Calculation of the Repairs to Fixed Assets Ratio

It is not uncommon for repairs to be recorded in financial reports and analysis of organisational expenditure. However, it is important that records are kept and repairs expenses are viewed in light of total asset value. When calculating the Repairs to Fixed Assets Ratio, the formula that is required is:

Total repairs and maintenance expenses / Total fixed assets before depreciation expenses are deducted.

Interpreting results from the Repairs to Fixed Assets Ratio:

In the event that a significantly high percentage of the original value of the asset is being spent on repairs, this may be all the evidence required to prove that the asset needs to be replaced or upgraded. However, a more complete analysis of the situation and application of business intelligence tools may reveal other pertinent information, such as the high cost of maintaining a piece of equipment in difficult or harsh conditions. If equipment is repeatedly operated in a harsh environment, more frequent and potentially expensive repairs are likely.
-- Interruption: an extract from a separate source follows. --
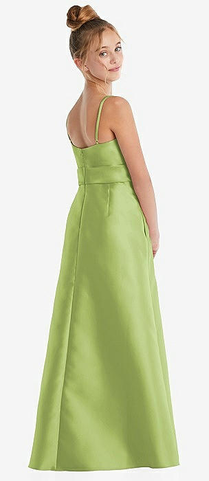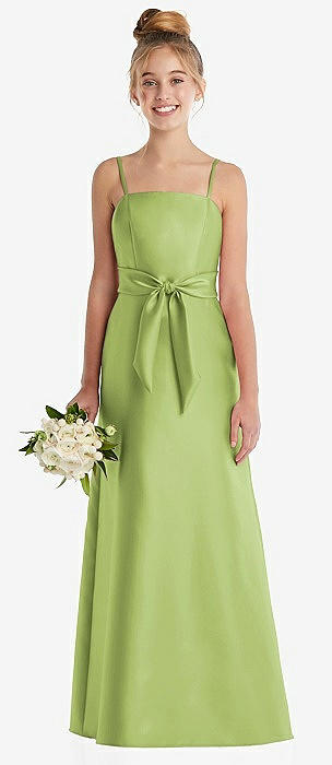 Spaghetti Strap Satin Junior Bridesmaid Dress with Mini Sash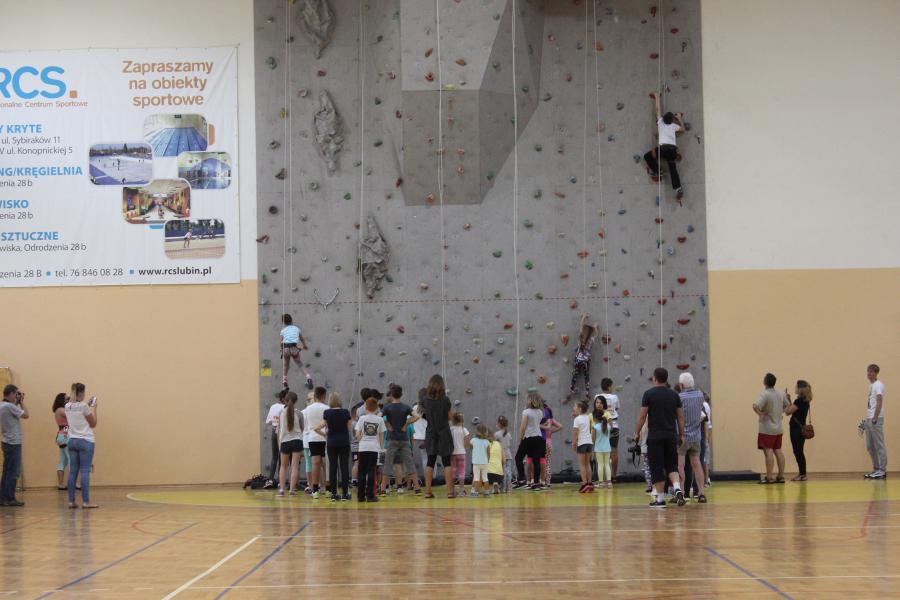 Ściana wspinaczkowa w hali SP 14 w Lubinie do wspinaczki po raz kolejny wzbudziła spore zainteresowanie wśród najmłodszych mieszkańców Lubina i okolic. Zabawa odbyła się w ramach Akcji Lato 2016, organizowanej przez Regionalne Centrum Sportowe w Lubinie.

For other businesses, failure to repair, upgrade or replace equipment that demands high levels of maintenance may indicate that a business is experiencing difficulty in generating the finances necessary to buy new equipment. Of course, a range of factors could cause this situation, but one possible cause is entrenched systematic problems that negatively affect the company.

If application of this ratio shows that a business experiences high repair costs, the conclusion can generally be made that it is operating inefficiently and would potentially benefit from investing in newer, more efficient and perhaps higher quality equipment that can be run more cost effectively. Purchasing such equipment often represents a good way to redress the cost disadvantage experienced by a business.
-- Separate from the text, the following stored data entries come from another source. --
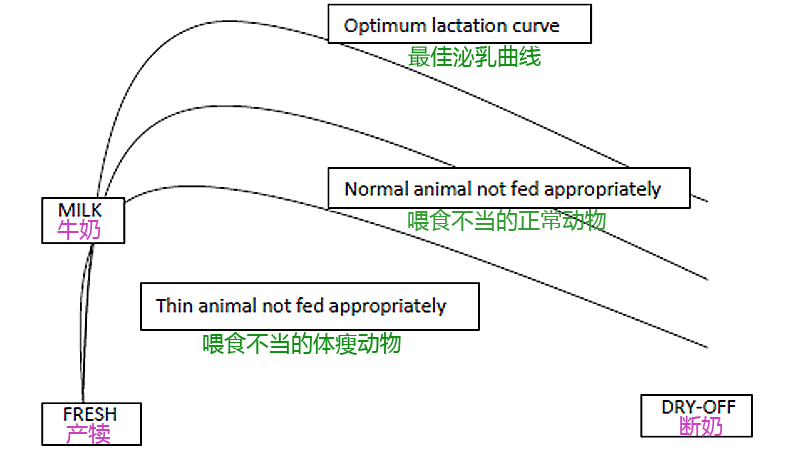 底下的曲線(xiàn)是產(chǎn)犢時(shí)體瘦的牛,她進(jìn)食不足無(wú)法保持體重,無(wú)法到達(dá)產(chǎn)奶高峰,從開(kāi)始產(chǎn)奶曲線(xiàn)就下滑。這樣的奶牛不但不給農(nóng)場(chǎng)產(chǎn)出利潤(rùn),還可能耗費(fèi)牧場(chǎng)的經(jīng)營(yíng)成本。但這不是她的問(wèn)題;是我們對(duì)她管理不當(dāng)。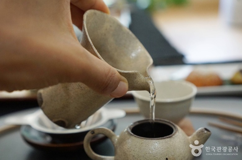 ![]() 숙우를 통해 물의 온도를 적당히 식힌 뒤 다관 속 찻잎을 우린다 |
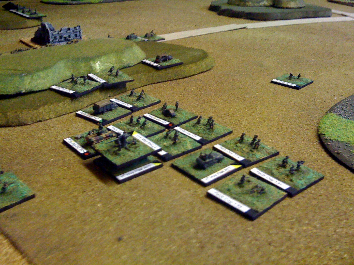 Germans have a Panzerjager Abteilung with a Company of Stugs and 2 of Marders, with a an Armoured PzGren Bttns, 2 Motorizsed PzGren Battns and an Infantry Bttn with off-table support from a 105mm Regt.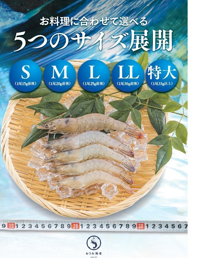 海の無い滋賀県から、世界一安心・安全でおいしい海老を目指し養殖された、サスティナブルな純国産バナメイエビです。滋賀県・伊吹山系の地下50mから湧き出る地下水と、マイクロプラスチックなどを含まない岩塩を投入した人工海水で、抗生物質や薬品を一切使わず国産の配合飼料を与え4か月間丁寧に育て上げることでバナメイエビの品質を高級海老のグレードまで高めました。活〆急速冷凍で鮮度抜群のままお届けしますので、解凍後生食が可能です。200gごとの小分けパックで使いやすいので、幅広いニーズに対応できます。

A word of caution about use of the ratio:

While the Repairs to Fixed Assets Ratio can provide relevant and useful information, interpretation must be carefully made. Some confusion can arise when the same ratio suggests both positive and negative activity. To explain this further, a low-repair ratio may well suggest that a business is committed to the reliable and regular maintenance of its assets and invests in high-quality, durable assets. Conversely, it could also have been achieved because management has deliberately delayed repairs until after the reporting period or because it is anticipating the complete replacement of old for new assets.

A high Repair to Fixed Assets Ratio may show that management is dedicated to the provision of high quality assets and/or is effectively maintaining assets. As has been previously mentioned, it may also indicate that the rapid deterioration of assets is due to difficult and harsh operating conditions.

Information about the success or otherwise of a company’s asset maintenance approach can come from a variety of sources and the ratio outlined can produce some useful data. However, in order to completely and meaningfully analyse, interpret and account for repair expenses and the cost effectiveness of keeping and maintaining the fixed assets owned by the organisation, it is appropriate to factor in the way that repairs personnel are contracted and refer to the repairs schedule of the company.